*WORK REQUIRED*
The result should be the lines from the one holding "Satin Kaftaan Style" to the final line of the records below, repeated exactly and with no pictures.

=== TASK MATERIAL ===

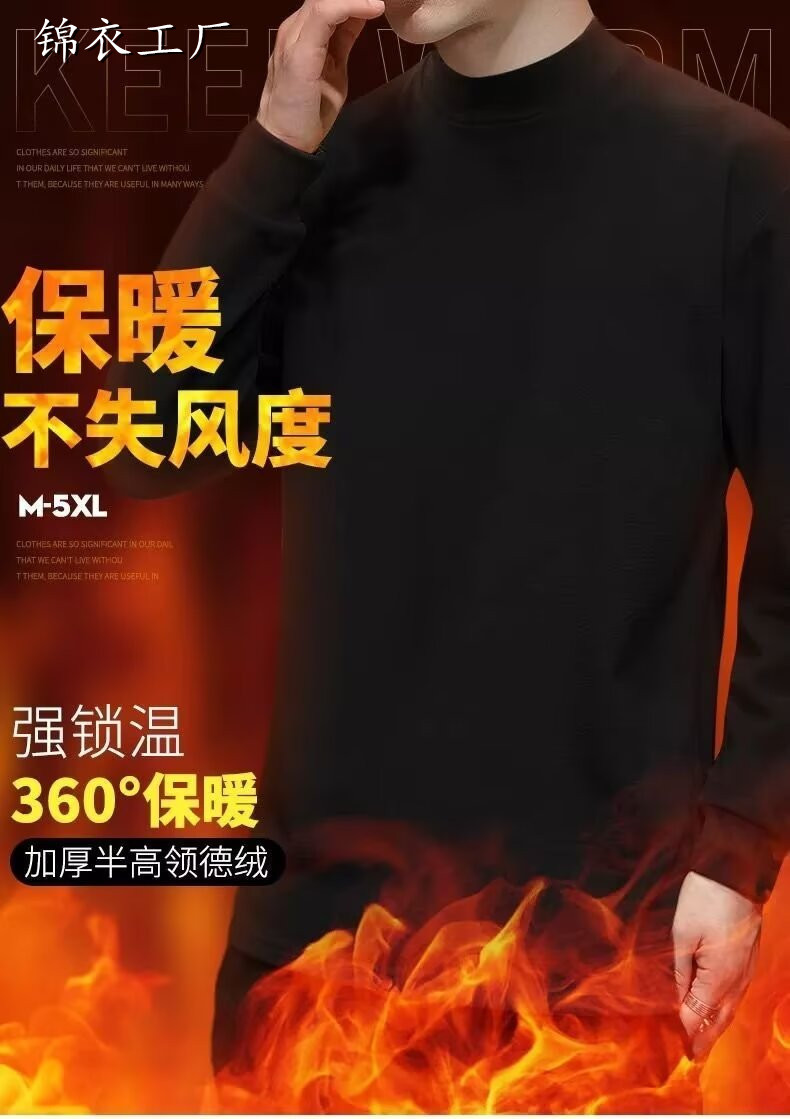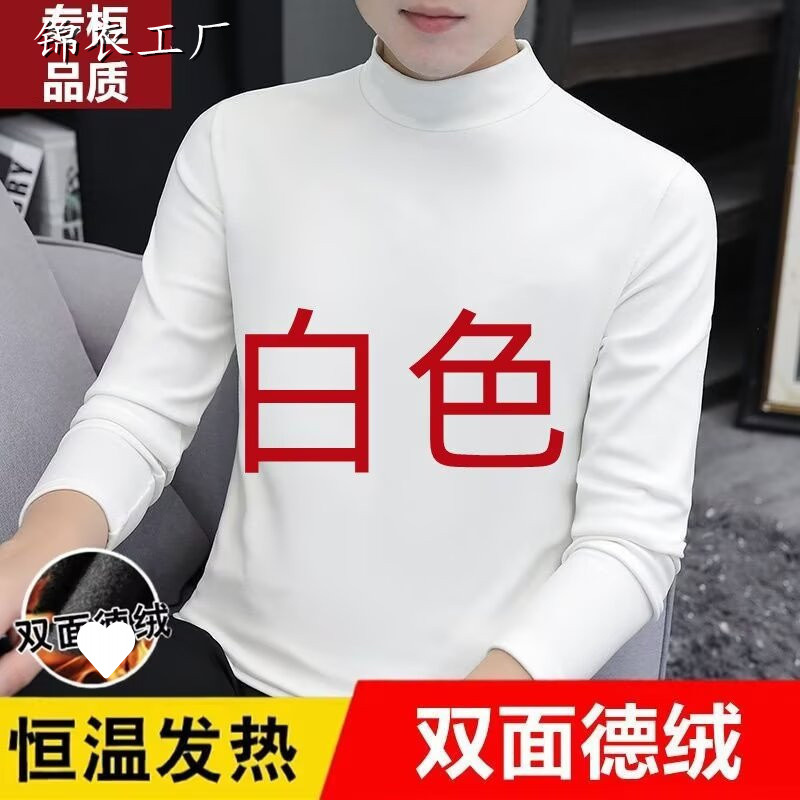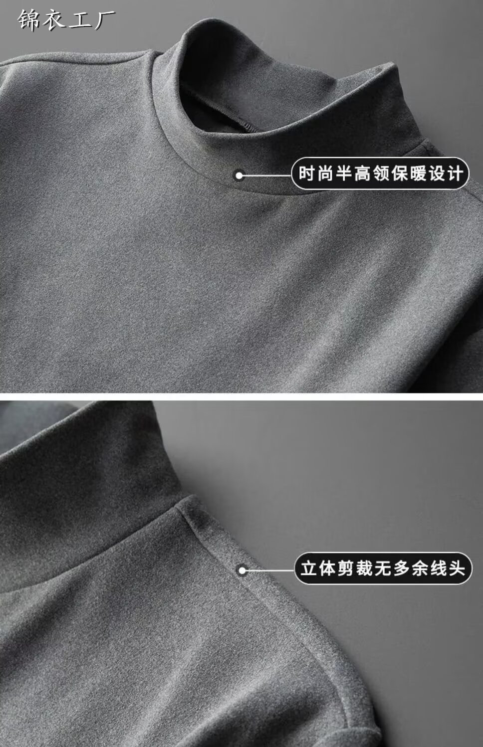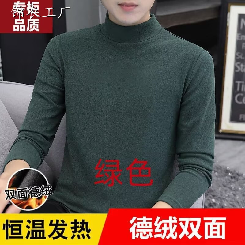 가을과 겨울 남성 반 높은 칼라 일정한 온도 따뜻한 양면 벨벳베이스 셔츠 기모 긴 소매 티셔츠 가을 의류
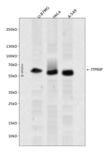 Western blot analysis of ITPRIP expressed in U-87MG,HeLa,A-549 using ITPRIP Rabbit pAb at 1:1000. Secondary antibody: HRP Goat Anti-Rabbit IgG (H+L) at 1:5000. Lysates/proteins: 30ug per lane. Blocking buffer: 5% non-fat dry milk in TBST. Detection: ECL Enhanced Kit. Exposure time: 120s.
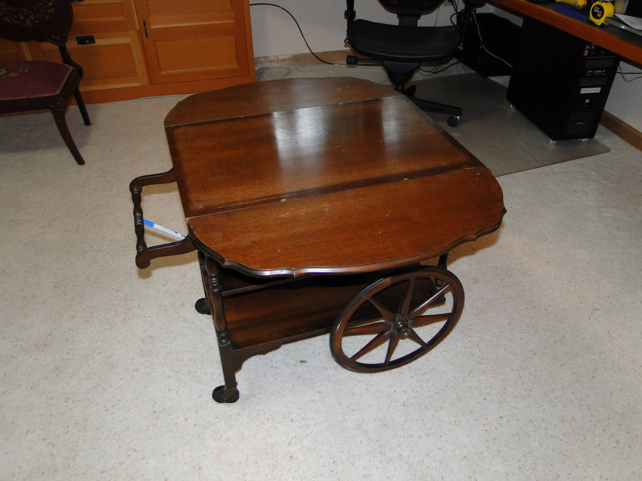 Tea cart has been in the family since at least the 1940s. Appears to be mahogany.  Large rear wheels, small front wheels, lift handle. Top glass tray with handles lifts off. Side leaves that lift with slideout supports. Three shelves. All original. Green Imperial Grand Rapids Mich sticker with red crown, black Made in Grand Rapids sticker.  Number 79 stenciled in paint blob and number 88 stamped in black.
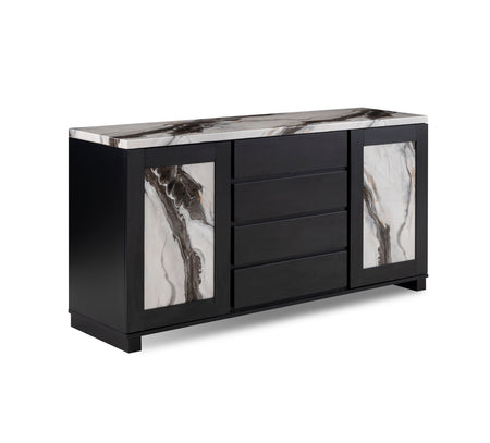 The Panda dining collection brings a perfect blend of luxury and durability to your home. Featuring a stunning faux marble top paired with a sleek black base crafted from sturdy Rubberwood solids, this table offers both elegance and strength. Complementing the look are black, full-length upholstered side chairs wrapped in soft 100% polyester fabric with a stylish channeled back design for comfort and sophistication. To complete the ensemble, a matching buffet is available, offering additional storage and a cohesive, modern aesthetic.
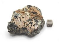 Коллекция Систематическая коллекция, №87159. Светло-розовато-коричневые крупнопластинчатые выделения до 5 см. с щербаковитом, дельхайелитом и адуляром в тонком пегматитовом прожилке в рисчоррите.
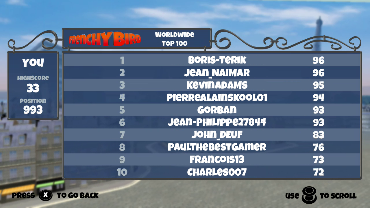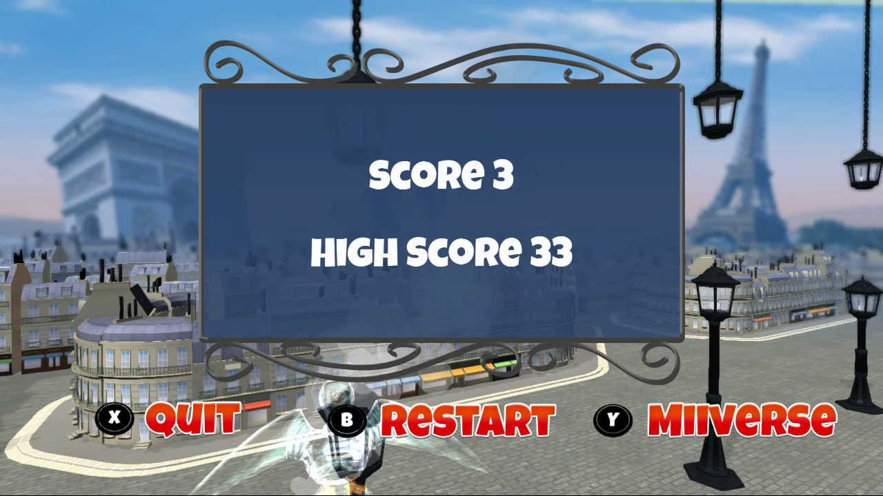 Play as a Parisian pigeon and enjoy flying through Paris streets while avoiding lamp posts ! Share your score on Miiverse™ and make your way through the top 100 worldwide ranking !
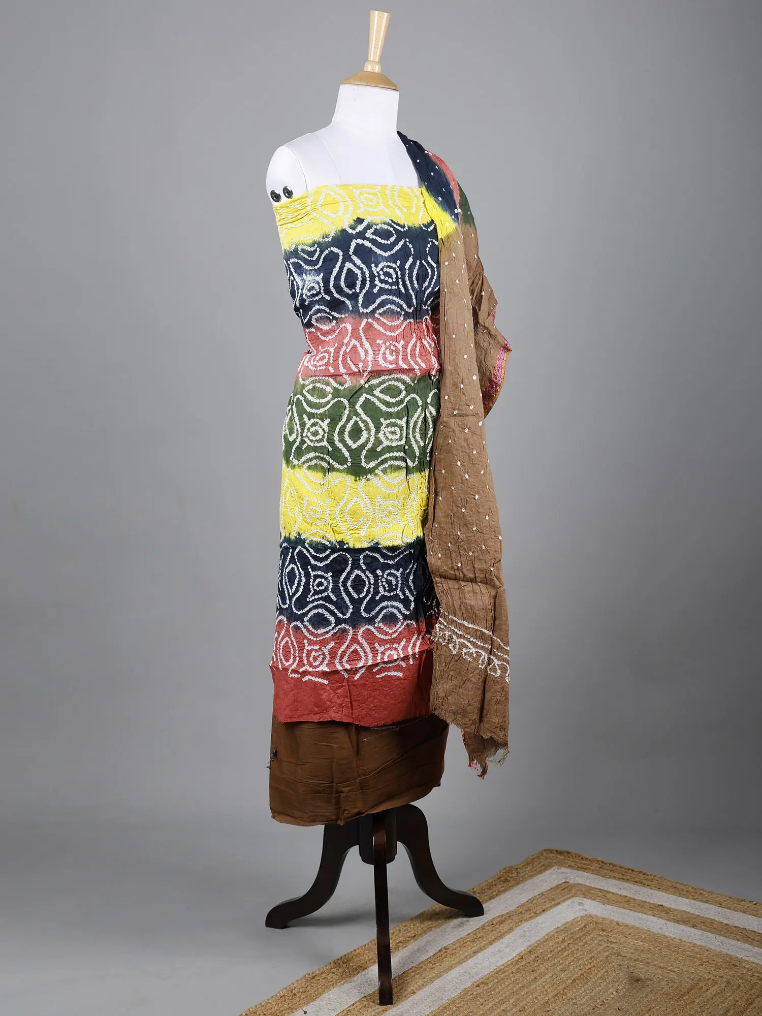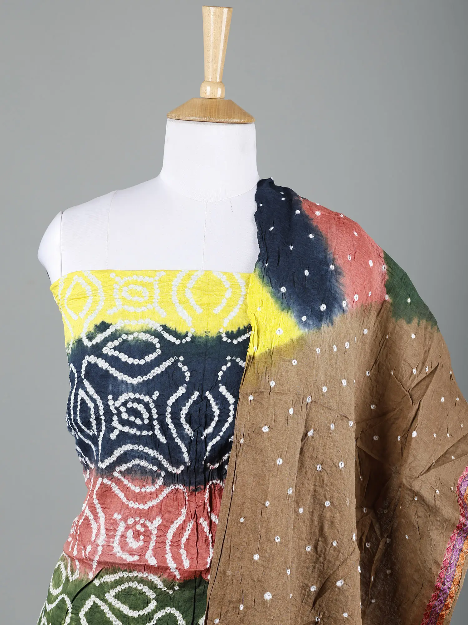 Satin Kaftaan Style Bandhani Printed Salwar Kameez with Gajji Patti on Border
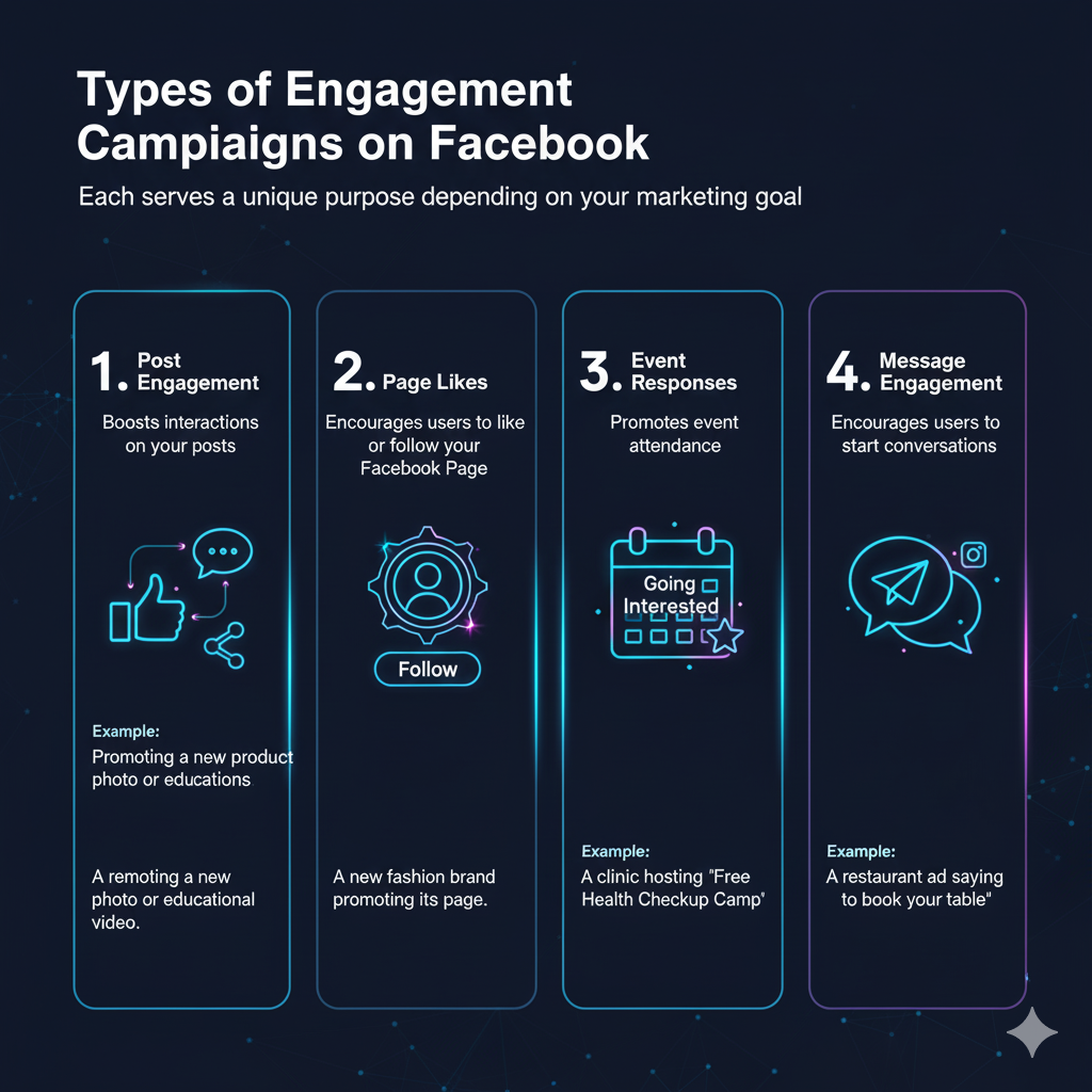 A Facebook Engagement Campaign is a type of ad objective designed to encourage people to interact with your content — such as liking your post, commenting, sharing, clicking “Follow,” or sending a message.

===

*TASK RESULT*
 Satin Kaftaan Style Bandhani Printed Salwar Kameez with Gajji Patti on Border
 A Facebook Engagement Campaign is a type of ad objective designed to encourage people to interact with your content — such as liking your post, commenting, sharing, clicking “Follow,” or sending a message.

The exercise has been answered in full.